- [Goal of the exercise]
Every line from the start of the records through the line with "Sosyal medyada Cüneyt" is to be written out exactly; pictures are not.

- [Information supplied]
- - -
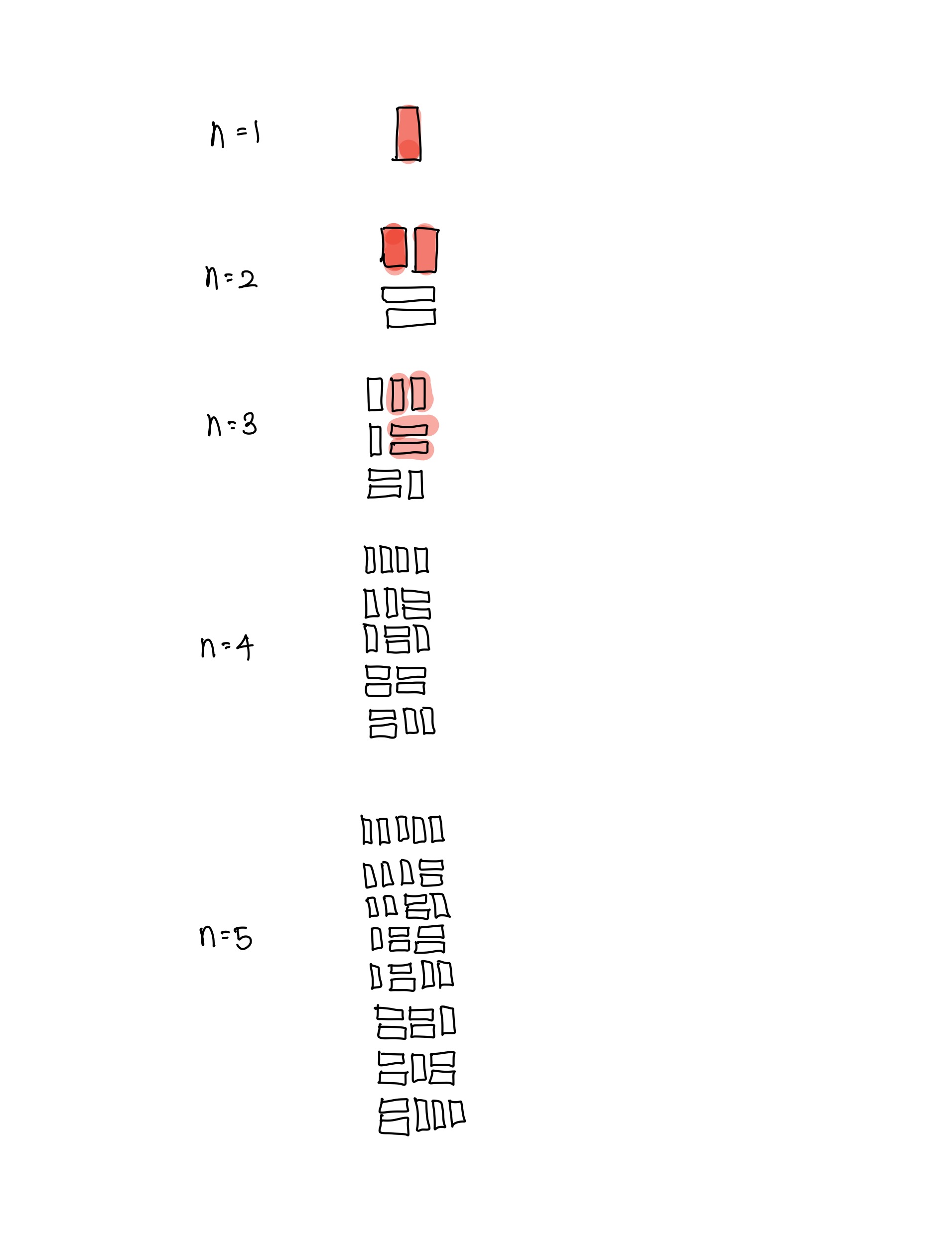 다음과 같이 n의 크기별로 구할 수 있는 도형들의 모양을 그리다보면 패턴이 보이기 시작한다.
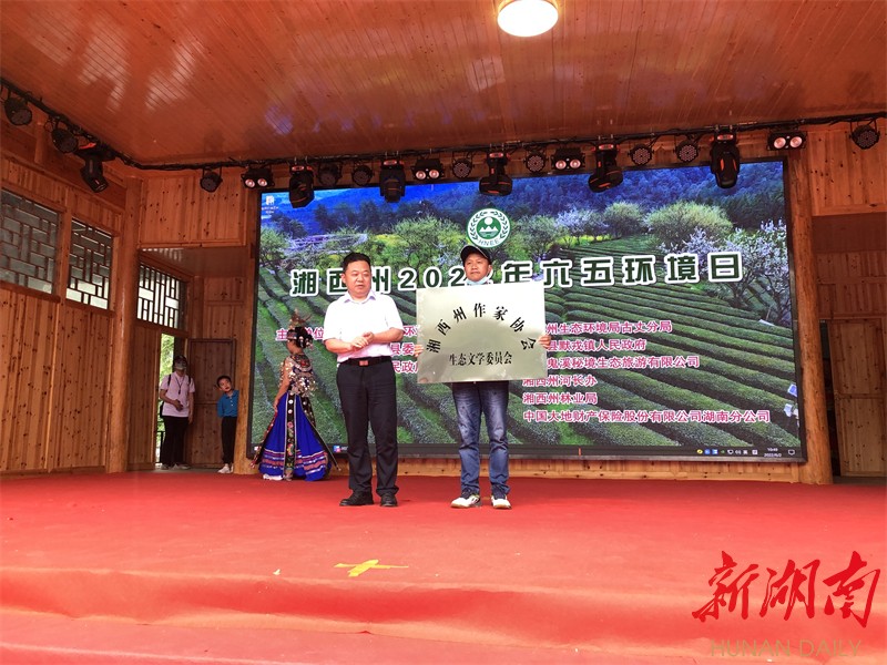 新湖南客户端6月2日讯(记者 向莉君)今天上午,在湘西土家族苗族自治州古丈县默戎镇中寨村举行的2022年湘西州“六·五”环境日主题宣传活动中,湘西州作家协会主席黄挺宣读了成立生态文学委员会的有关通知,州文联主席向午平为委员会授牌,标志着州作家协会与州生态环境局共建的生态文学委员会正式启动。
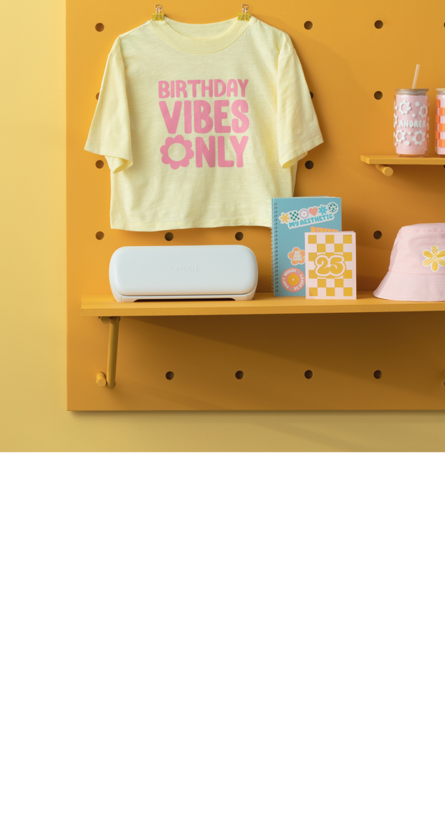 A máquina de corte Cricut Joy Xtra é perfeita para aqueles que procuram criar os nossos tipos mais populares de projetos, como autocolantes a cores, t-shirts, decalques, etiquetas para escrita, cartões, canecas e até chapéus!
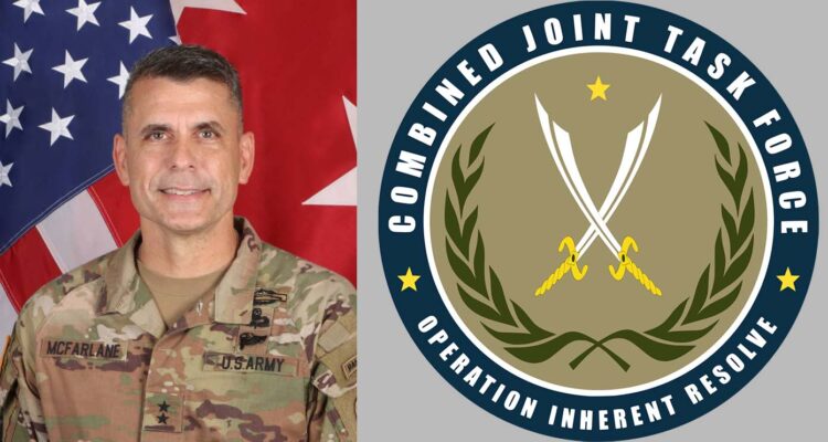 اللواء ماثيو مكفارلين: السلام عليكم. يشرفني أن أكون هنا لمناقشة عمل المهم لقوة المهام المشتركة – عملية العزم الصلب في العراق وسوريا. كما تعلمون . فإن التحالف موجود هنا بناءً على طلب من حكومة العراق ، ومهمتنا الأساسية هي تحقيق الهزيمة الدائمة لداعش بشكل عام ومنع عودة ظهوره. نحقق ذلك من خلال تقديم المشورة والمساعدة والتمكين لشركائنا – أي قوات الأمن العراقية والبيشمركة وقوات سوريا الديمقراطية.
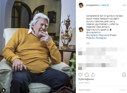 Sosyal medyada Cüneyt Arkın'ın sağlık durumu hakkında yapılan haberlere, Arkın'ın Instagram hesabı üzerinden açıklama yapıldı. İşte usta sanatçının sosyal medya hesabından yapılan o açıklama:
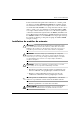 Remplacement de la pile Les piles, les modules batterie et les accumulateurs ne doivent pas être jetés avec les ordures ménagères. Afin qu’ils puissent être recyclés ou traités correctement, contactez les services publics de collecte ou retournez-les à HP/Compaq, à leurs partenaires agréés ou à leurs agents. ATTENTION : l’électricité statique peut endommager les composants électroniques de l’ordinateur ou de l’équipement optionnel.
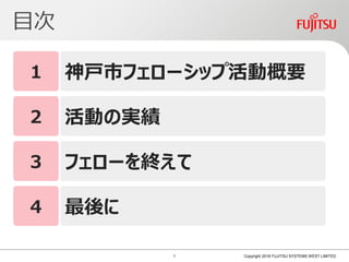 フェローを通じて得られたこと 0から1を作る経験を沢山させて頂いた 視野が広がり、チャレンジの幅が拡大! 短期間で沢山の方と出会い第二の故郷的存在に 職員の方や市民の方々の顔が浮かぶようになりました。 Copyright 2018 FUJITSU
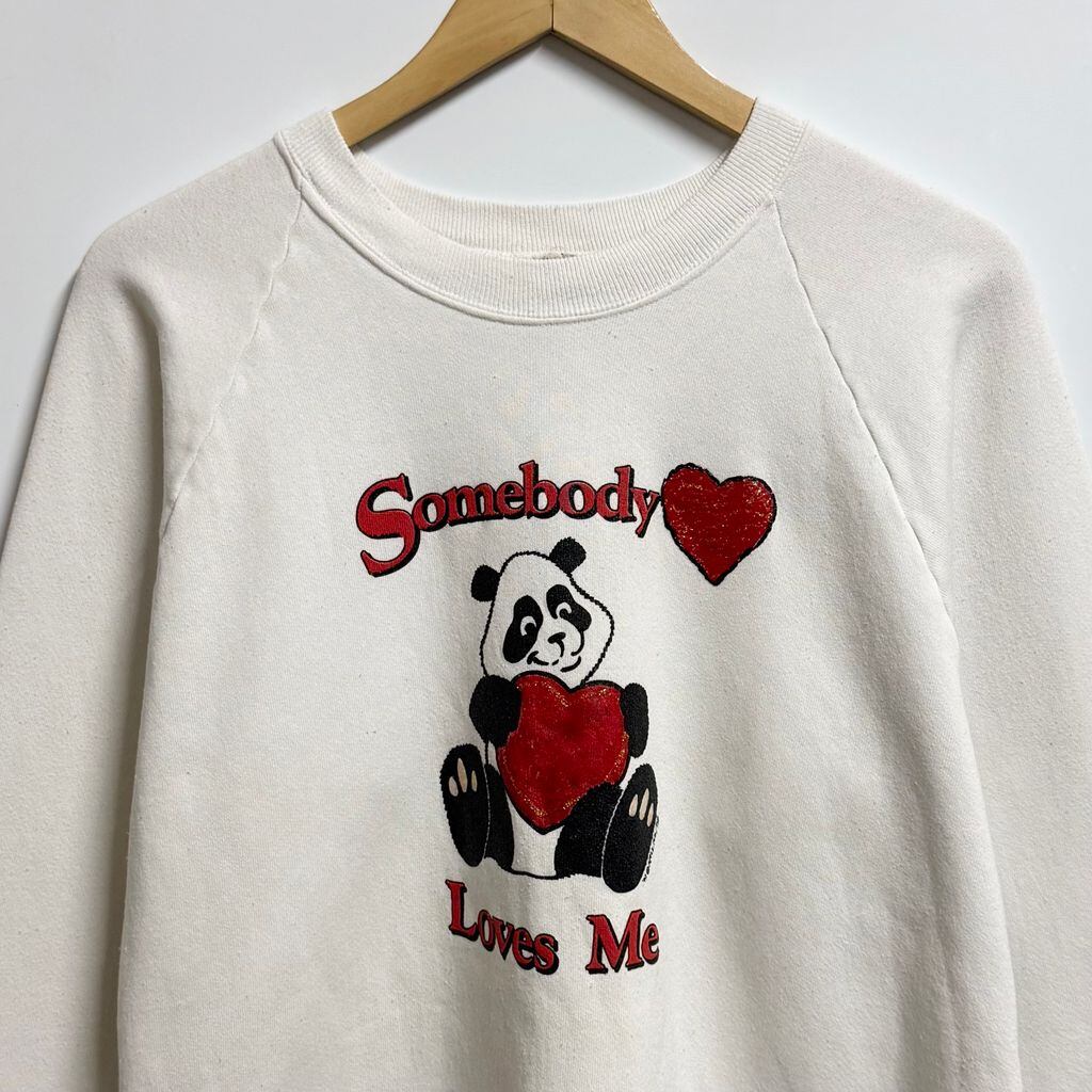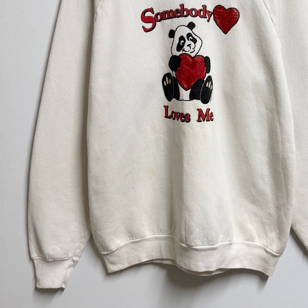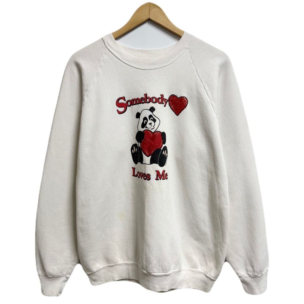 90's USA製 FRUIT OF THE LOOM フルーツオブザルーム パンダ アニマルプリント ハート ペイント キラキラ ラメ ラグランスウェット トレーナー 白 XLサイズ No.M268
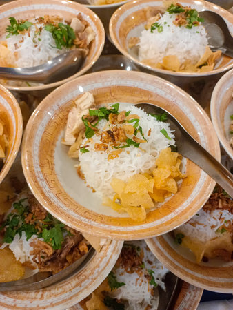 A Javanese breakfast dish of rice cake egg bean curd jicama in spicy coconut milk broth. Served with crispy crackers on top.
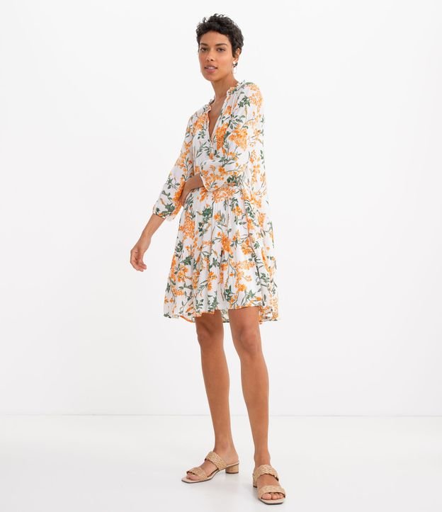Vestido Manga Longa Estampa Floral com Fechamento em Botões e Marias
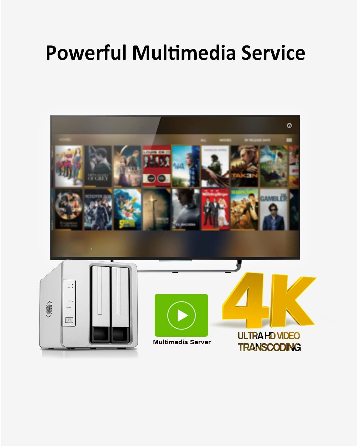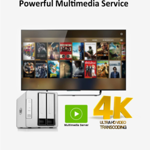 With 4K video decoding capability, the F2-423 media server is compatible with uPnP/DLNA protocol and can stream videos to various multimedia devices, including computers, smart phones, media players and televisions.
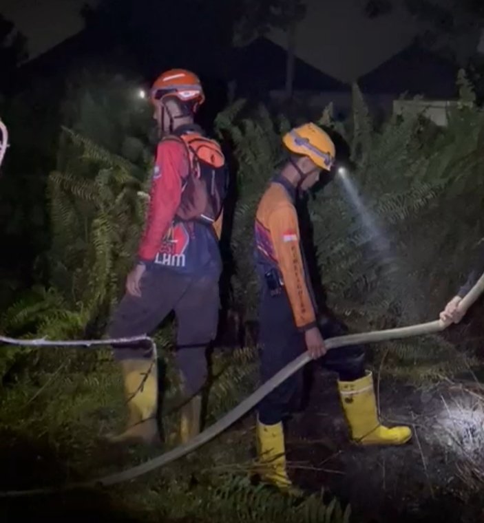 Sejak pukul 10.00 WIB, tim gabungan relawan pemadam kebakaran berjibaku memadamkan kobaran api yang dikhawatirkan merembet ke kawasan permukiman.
- - -
- [Exercise answer]
 다음과 같이 n의 크기별로 구할 수 있는 도형들의 모양을 그리다보면 패턴이 보이기 시작한다.
 新湖南客户端6月2日讯(记者 向莉君)今天上午,在湘西土家族苗族自治州古丈县默戎镇中寨村举行的2022年湘西州“六·五”环境日主题宣传活动中,湘西州作家协会主席黄挺宣读了成立生态文学委员会的有关通知,州文联主席向午平为委员会授牌,标志着州作家协会与州生态环境局共建的生态文学委员会正式启动。
 A máquina de corte Cricut Joy Xtra é perfeita para aqueles que procuram criar os nossos tipos mais populares de projetos, como autocolantes a cores, t-shirts, decalques, etiquetas para escrita, cartões, canecas e até chapéus!
 اللواء ماثيو مكفارلين: السلام عليكم. يشرفني أن أكون هنا لمناقشة عمل المهم لقوة المهام المشتركة – عملية العزم الصلب في العراق وسوريا. كما تعلمون . فإن التحالف موجود هنا بناءً على طلب من حكومة العراق ، ومهمتنا الأساسية هي تحقيق الهزيمة الدائمة لداعش بشكل عام ومنع عودة ظهوره. نحقق ذلك من خلال تقديم المشورة والمساعدة والتمكين لشركائنا – أي قوات الأمن العراقية والبيشمركة وقوات سوريا الديمقراطية.
 Sosyal medyada Cüneyt Arkın'ın sağlık durumu hakkında yapılan haberlere, Arkın'ın Instagram hesabı üzerinden açıklama yapıldı. İşte usta sanatçının sosyal medya hesabından yapılan o açıklama:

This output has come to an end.